Because of the presence of chromium in stainless steel and other components in the other container materials now in use, they are all more or less thermodynamically unstable in the geochemical environments of natural rock formations, and it is accepted that they can become corroded and decompose within a few tens of years after burial. Accordingly, primary emphasis in immobilizing nuclear wastes is placed upon the insolubility of the radioactive elements in the solidified waste and on the impermeability and ion-exchange properties of the rock medium. However, while this solution has been the best available, it is far from completely satisfactory and it has long been obvious that, if the integrity of the metal container itself could be guaranteed for periods exceeding a million years, the problems associated with safe storage of nuclear wastes would be substantially reduced.

OBJECTS OF THE INVENTION

It is, therefore, a general object of the invention to provide containers for radioactive nuclear waste materials which will obviate or minimize problems of the type previously described.

It is a further object of this invention to obtain this integrity by the use of alloys which, unlike container materials hitherto used, are thermo-dynamically stable in the geochemical environment of natural underground rock systems.

It is a particular object of the invention to provide such containers which will maintain their integrity for periods exceeding a million years.

Other objects and advantages of the present invention will become apparent from the following detailed description thereof.

DETAILED DESCRIPTION

During the metamorphic alteration of ultramafic rocks to form serpentine, native nickel-iron alloys are often produced under thermodynamically stable conditions. These alloys constitute the mineral awaruite and are composed mainly of nickel (60 to 90 percent) and iron (10 to 40 percent), together with small amounts of cobalt and copper (less than 5 percent each). The most common composition corresponds to the formula Ni₃ Fe, which is that of an ordered stoichiometric phase. Awaruite has been produced at elevated temperatures, probably exceeding 300°C, during serpentinization of periodotite. In some examples, serpentinization has been caused by circulating sea water. In both cases, it can be demonstrated that occurrences of awaruite have survived for periods exceeding tens of millions of years.

Another natural alloy which is found in serpentinized periodotite in large lumps is josephinite, which has a chemical composition similar to awaruite. The origin of josephinite is unclear, but it can be demonstrated that this alloy has also survived in association with serpentine and periodotite for periods exceeding tens of millions of years.

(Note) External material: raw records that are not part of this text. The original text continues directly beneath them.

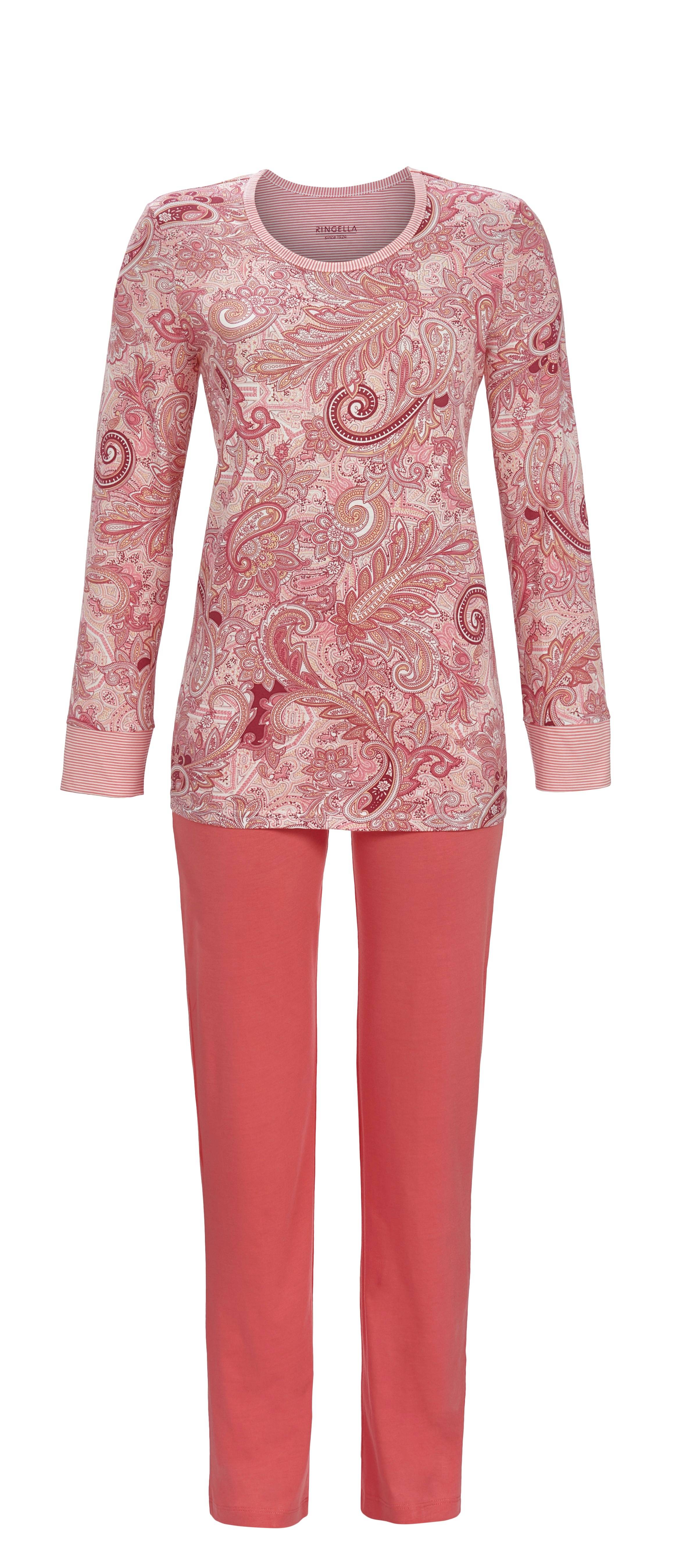 Dieser Damen Schlafanzug ist eine bequeme Wahl für entspannte Nächte. Er verfügt über einen klassischen Rundhalsausschnitt, der mit einer eleganten Kontrastrollierung verziert ist, was dem Schlafanzug eine besondere Note verleiht. Die langen Ärmel sind mit einer Kontrastblende ausgestattet, die für einen harmonischen und modischen Look sorgt. Das ansprechende Paisley-Dessin bringt einen Hauch von Eleganz und versprüht eine fröhliche Atmosphäre. Mit unifarbiger Hose wird der trendige Style hervorgehoben. Hergestellt aus einem hochwertigen Baumwoll-Modal-Mix in Single Jersey-Qualität, bietet der Schlafanzug ein besonders weiches und angenehmes Tragegefühl auf der Haut. Die atmungsaktive Materialkombination garantiert, dass Sie sich rundum wohlfühlen, egal ob beim Schlafen oder beim Entspannen zu Hause. Stil und Komfort sind hier vereint.
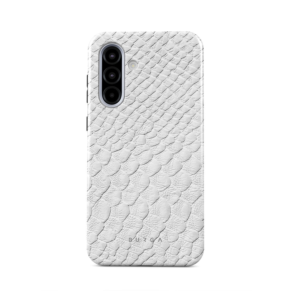 Glacial Desert Samsung Galaxy A56 5G phone case features snakeskin design in glacial white color. The dangerous animal print will add confidence and a touch of luxury to your style while transforming your phone into a fashion accessory.
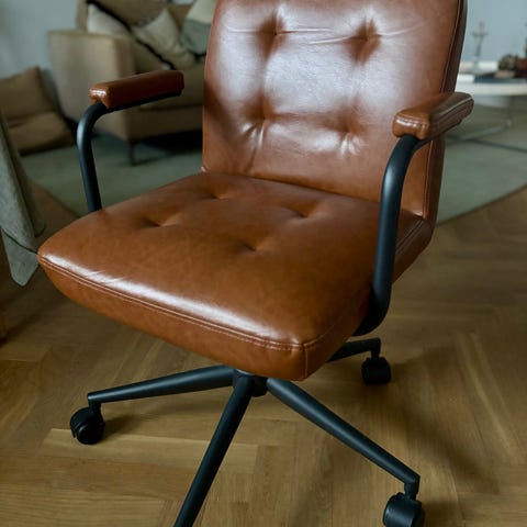 Rostfritt stål och vitt veganskt läder med fem hjul för rörlighet.
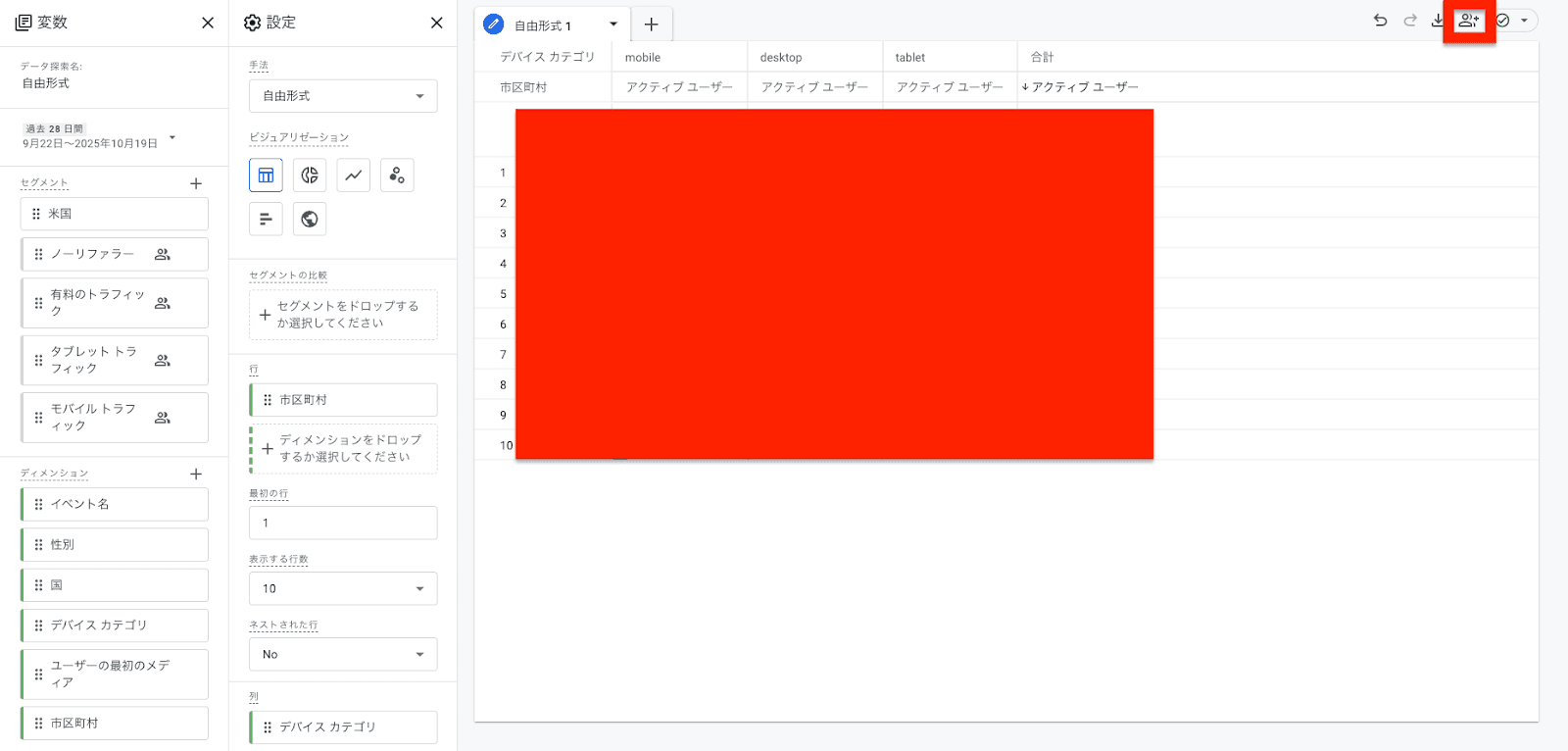 アナリスト | 作成したデータ探索をプロパティの他のユーザーと共有できる権限です。 ※「閲覧者」の権限を含む。 |
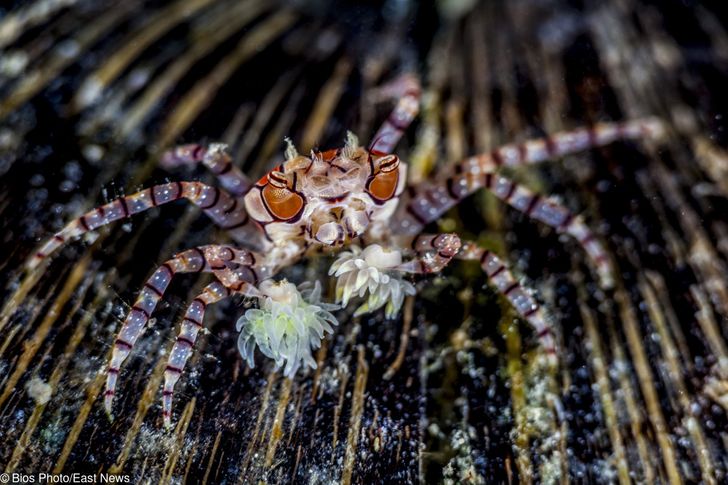 Boxer crab: These crabs became famous because of the way they move. They always carry a small sea anemone in each claw, like boxing gloves, which is how they got their name. They do this for 2 reasons – defense and food catching. Boxer crabs feed sea anemones in exchange for defense from danger — serving as a prominent example of symbiosis in the animal kingdom. Lybia tessellata is a tiny crustacean native to the tropical Indo-Pacific Ocean. These crabs are usually patterned with pink, brown, or yellow and reach about an inch in width. They bear slim claws and a front pair of walking legs that are longer than the other three pairs.
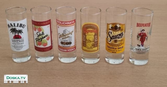 набор коллекционных рюмок Luminarc с этикетками различных ликеров. Высоту примерно 10,5 см и диаметр 3,8 см . пивные кружки и чашки

Both awaruite and josephinite are thermodynamically stable over wide ranges of Eh, Ph, temperature, pressure, and in the presence of ground waters containing substantial amounts of chloride ions and other solutes in the natural geochemical environment. Moreover, these alloys have a high melting point, high mechanical strength, and can be cast, fabricated, and machined. Because of these properties, it has become apparent to us that these alloys would make ideal containers for solid nuclear waste materials which are to be buried underground in the natural geochemical environment. This is the essence of our invention. Both minerals are known per se, and we of course do not claim to have discovered or invented the minerals as such. Similarly, our invention is not a new structural design for nuclear waste containers, nor is it limited to any particular waste container structure.

Claims

1. A container which can be used to contain radioactive nuclear waste materials which are ultimately to be buried underground, said container being composed of a nickel-iron alloy having the properties of those natural minerals produced under thermodynamically stable conditions within serpentinite-type rocks and possessing a composition in the range exhibited by the mineral awaruite.

2. A container as recited in claim 1 wherein said alloy is awaruite.

3. A container as recited in claim 1 wherein the nickel content of said alloy is in the range 60-90 percent and the iron content of said alloy is in the range 10-40 percent.

4. A container as recited in claim 3 wherein said alloy also contains up to five percent cobalt.

5. A container as recited in claim 3 or claim 4 wherein said alloy also contains up to 5 percent copper.

6. A container as recited in claim 1 wherein said alloy is composed of the stoichiometric alloy phase Ni₃ Fe.

7. A method of containing solid radioactive nuclear waste materials over extended periods of time, said method comprising the steps of:

(1) encapsulating the waste material in a container composed of a nickel-iron alloy having the properties of those natural minerals produced under thermodynamically stable conditions within serpentinite-type rocks and possessing a composition in the range exhibited by the mineral awaruite and

(2) burying the container underground is an impervious stable rock formation.

8. A combination comprising a container and solid radioactive nuclear waste in said container which is suitable to be buried underground, said container being composed of a nickel-iron alloy having the properties of those natural minerals produced under thermodynamically stable conditions within serpentinite-type rocks and possessing a composition in the range exhibited by the mineral awaruite.

9. A combination as recited in claim 8 wherein said alloy is awaruite.

10. A combination as recited in claim 8 wherein the nickel content of said alloy is in the range 60-90 percent and the iron content of said alloy is in the range 10-40 percent.

11. A combination as recited in claim 10 wherein said alloy also contains up to five percent cobalt.

12. A combination as recited in claim 8 or 9 wherein said alloy also contains up to 5 percent copper.

13. A combination as recited in claim 8 wherein said alloy is composed of the stoichiometric alloy phase Ni₃ Fe.